An exhibition of the sixth element.
第六元素の展覧会
Welcome to tanso.center — a quiet hall dedicated to the science, structure, and stories of carbon. The visitor is invited to walk slowly between exhibits, where each panel rises from the surface to present a single facet of the element that builds the world.
The collection is organized by allotrope: distinct arrangements of the same atom that produce diamonds, pencil leads, soccer-ball molecules, atom-thick sheets, and impossibly slender tubes. Begin at any exhibit. The hall does not close.
A lattice that refuses to bend.
屈しない格子
In diamond, each carbon atom binds to four others in a perfect tetrahedron. The bonds are short, equal, and uncompromisingly directional — the resulting three-dimensional network leaves no room for compression, no slip plane for shear. Hardness is not a feeling; it is geometry made rigid.
- Bonding
- sp³ tetrahedral, σ only
- Density
- 3.515 g · cm⁻³
- Mohs hardness
- 10.0 (reference)
- Refractive index
- 2.418 at 589 nm
- Thermal cond.
- 2200 W · m⁻¹ · K⁻¹
Layers that prefer to slide.
滑りたがる層
Graphite is carbon arranged into hexagonal sheets — strong rings of three-bonded atoms — that stack in parallel and hold one another loosely. The rigidity of the sheet and the gentleness between sheets together produce a material that conducts, lubricates, and writes on paper.

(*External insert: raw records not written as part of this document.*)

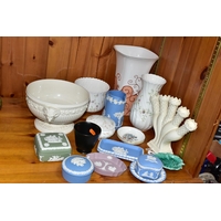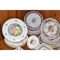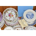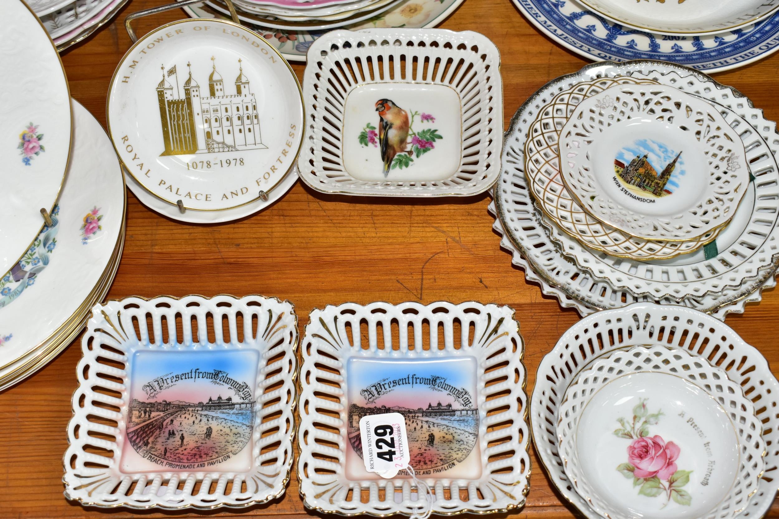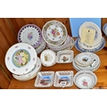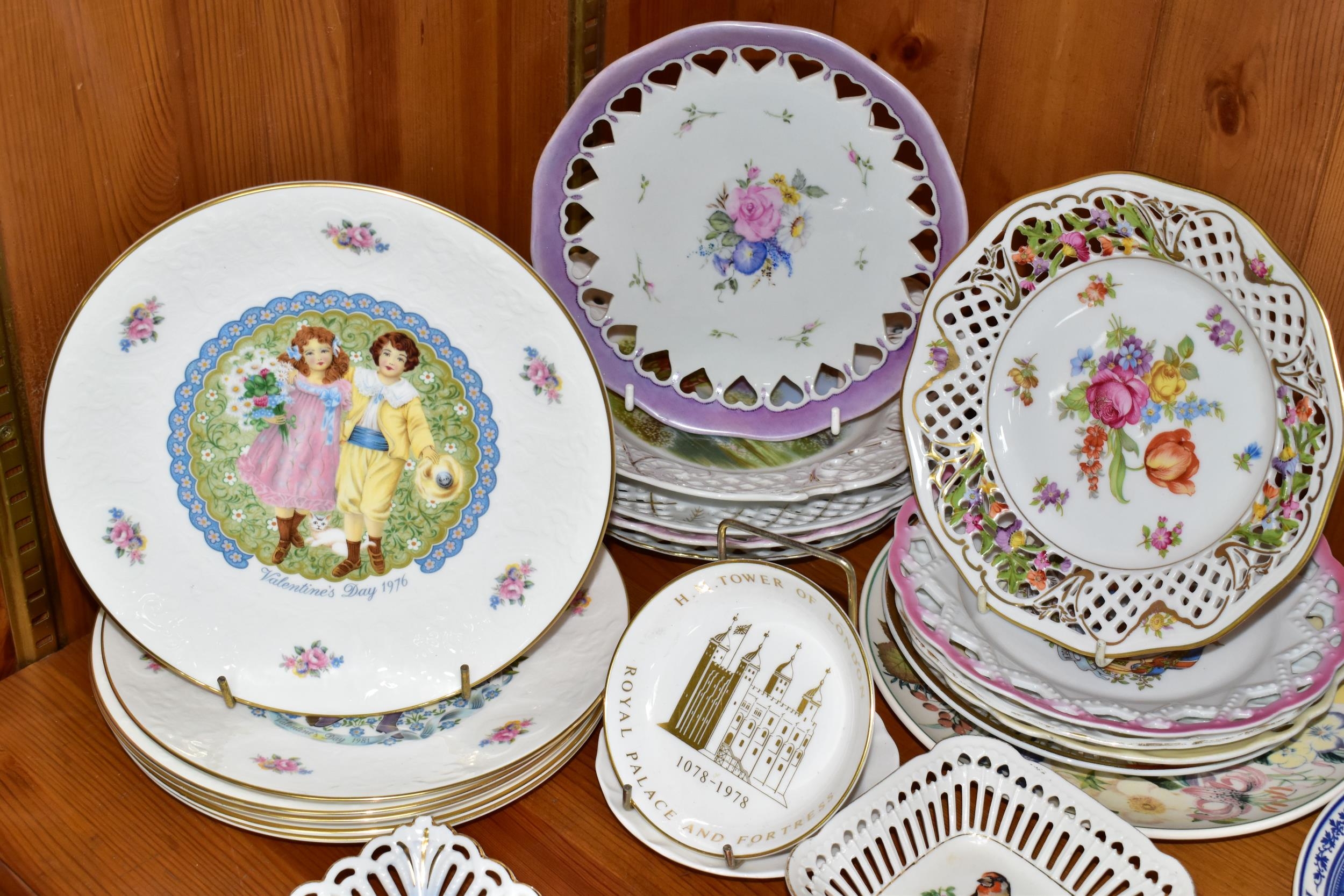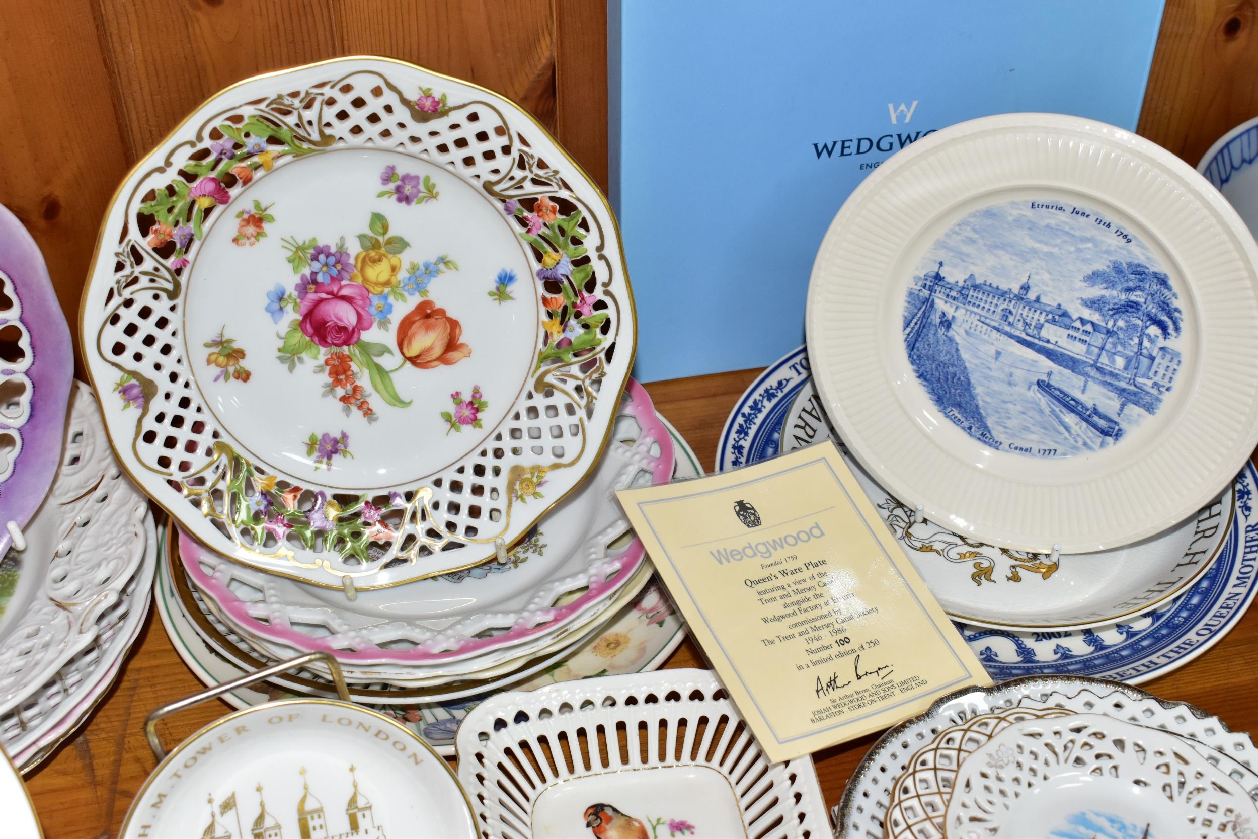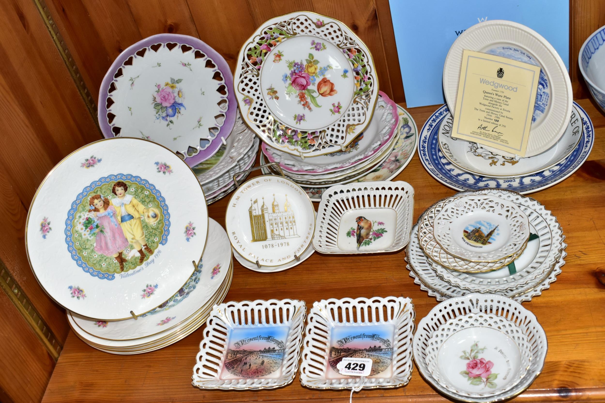 A QUANTITY OF CABINET PLATES, comprising a boxed limited edition Wedgwood Queen's Ware plate to mark 40 years of inland waterways campaigning 100/250, a Crown Ducal plate 1969 for the Investiture of H.R.H Prince of Wales, six Royal Doulton Valentine's Day plates 1976- 1981, a Royal Worcester 'Tower of London' trinket dish, a collection of holiday souvenir plates, etc (Qty) (Condition Report: some crazing and worn gilt in varying degrees)
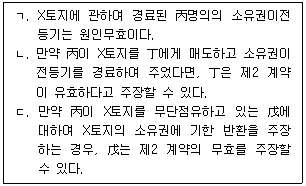 29. 甲은 자신 소유의 X토지에 관하여 乙과 유효하게 매매계약(제1 계약)을 체결한 후 乙로부터 매매대금 전액을 지급받았다. 丙은 제1 계약과 관련한 甲의 배임행위에 적극 가담하여 甲과 X토지에 관한 매매계약(제2 계약)을 체결한 후, 이를 원인으로 甲으로부터 소유권이전등기를 경료받았다. 이에 관한 설명으로 옳은 것을 모두 고른 것은? (다툼이 있으면 판례에 따름)
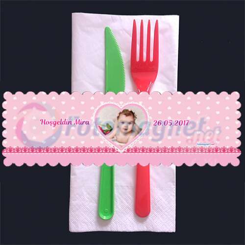 Baby Shower Pembe Kalp Temalı - Peçete Sargısı
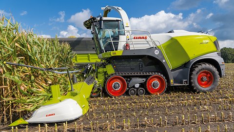 - Con la più potente JAGUAR 990 TERRA TRAC, una ORBIS 900 a 12 file e cingolatura stretta è l’unica in questa classe di potenza che può circolare con una larghezza di trasporto di 3 m.
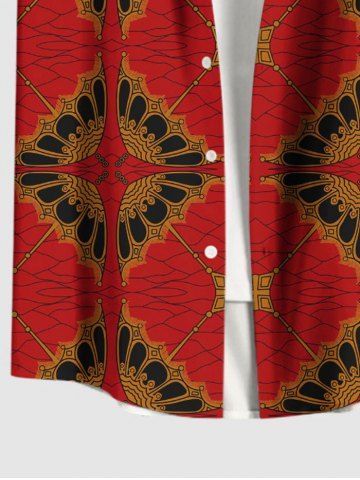 Plus Size Ethnic Graphic Print Hawaii Button Pocket Shirt For Men - Red - 2xl

Each sheet is, in itself, a piece of graphene. Graphite is therefore an exhibit of cooperation: countless single layers behaving as one specimen.
- Bonding
- sp², in-plane σ + delocalised π
- Interlayer spacing
- 3.354 Å
- Density
- 2.267 g · cm⁻³
- Mohs hardness
- 1.0 — 2.0
- In-plane cond.
- ≈ 4 × 10⁵ S · m⁻¹
A cage made of corners.
角でできた籠
In 1985, three chemists vaporising graphite found a stable, closed sphere of sixty carbon atoms — the same geometry as a football. They named it after the architect of the geodesic dome. Each pentagon enforces curvature; each hexagon stabilises the surface. The result is a hollow cage that sits cleanly inside a single molecule.
- Formula
- C₆₀ (truncated icosahedron)
- Faces
- 12 pentagons · 20 hexagons
- Cage diameter
- ≈ 7.1 Å
- Molar mass
- 720.66 g · mol⁻¹
- Discovered
- 1985 · Kroto, Curl, Smalley
A single sheet, one atom thick.
原子一層の薄板
Pull one layer from a stack of graphite and you isolate a two-dimensional crystal: hexagons of carbon extending without interruption. Electrons traverse it as if they had no mass; the sheet bears more tensile load than steel for its weight. The exhibit is therefore a study in flatness — the thinnest material that still feels like a material.
- Thickness
- ≈ 0.34 nm (one atom)
- Tensile strength
- 130 GPa
- Young's modulus
- 1.0 TPa
- Electron mobility
- ≈ 2 × 10⁵ cm² · V⁻¹ · s⁻¹
- First isolated
- 2004 · Geim, Novoselov
A sheet rolled until it closes.
巻かれて閉じる薄板
Take a sheet of graphene and roll it into a tube; the way you roll it — the chiral angle — decides whether the tube conducts as a metal or behaves as a semiconductor. The exhibit therefore presents one geometry that, with a small twist, reads as two materials. The same atoms, organised differently, do different work.
- Diameter
- 0.4 — 50 nm typical
- Length
- up to 0.5 m demonstrated
- Tensile strength
- ≈ 100 GPa
- Density
- 1.3 — 1.4 g · cm⁻³
- Conduction
- metallic or semiconducting · by chirality
The hall remains open.
館は開いたまま
Carbon is a small atom. It has only six electrons, four of them available for bonding. From this modest specification arrives diamond, graphite, fullerene, graphene, nanotube — and the chemistry of every living thing. The exhibits in this hall show only the inorganic geometry; the organic galleries occupy a building of their own.
The visitor is welcome to return. The lights will be on.